Sunday, May 19, 2024
 Popular · Latest · Hot · Upcoming
86
rated 0 times [  92] [ 6]  / answers: 1 / hits: 17946  / 11 Years ago, mon, february 10, 2014, 12:00:00

I'm currently writing some e2e tests for my humble Angular app with Protractor.



My app works fine, unit tests passes all, e2e used too... until this one:



appE2ESpec.js



describe('adding an item', function() {
var items,
addItemButton,
startCount;

beforeEach(function() {
items = element.all(by.css('li.item'));
addItemButton = element(by.id('addItemButton'));
startCount = items.count();
});

it('should display a new item in list', function() {
addItemButton.click();

expect(items.count()).toEqual(startCount+1);
});
});


This is how I would have written my test but,



The problem is: that items.count() returns a promise, I know that, but I can't manage to force Protractor to resolve it. So I get this:



Failures:

1) myApp adding an item should display a new item in list
Message:
Expected 6 to equal '[object Object]1'.


What I've tried:



items.count().then(function(count) {
startCount = count;
//console.log(startCount) --> 6 Perfect!
});


But got the same result at the end... I can't put the expect into the then, I thought about that too.
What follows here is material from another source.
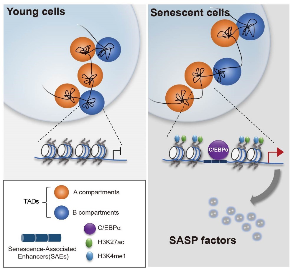 细胞衰老过程中活跃增强子调控SASP表达的机制模式图

  • I searched into Protractor GitHub repository issues, StackOverflow and Google AngularJs group.



Appendix:



console.log(startCount) outputs this :



{ then: [Function: then],
cancel: [Function: cancel],
isPending: [Function: isPending] }


I could have written .toEqual(6) but I don't want to rewrite my test each time I need to change my app startup state.



Any idea? Thanks in advance!!


More From » angularjs

 Answers
38

You need to resolve the promise and then do the assertion.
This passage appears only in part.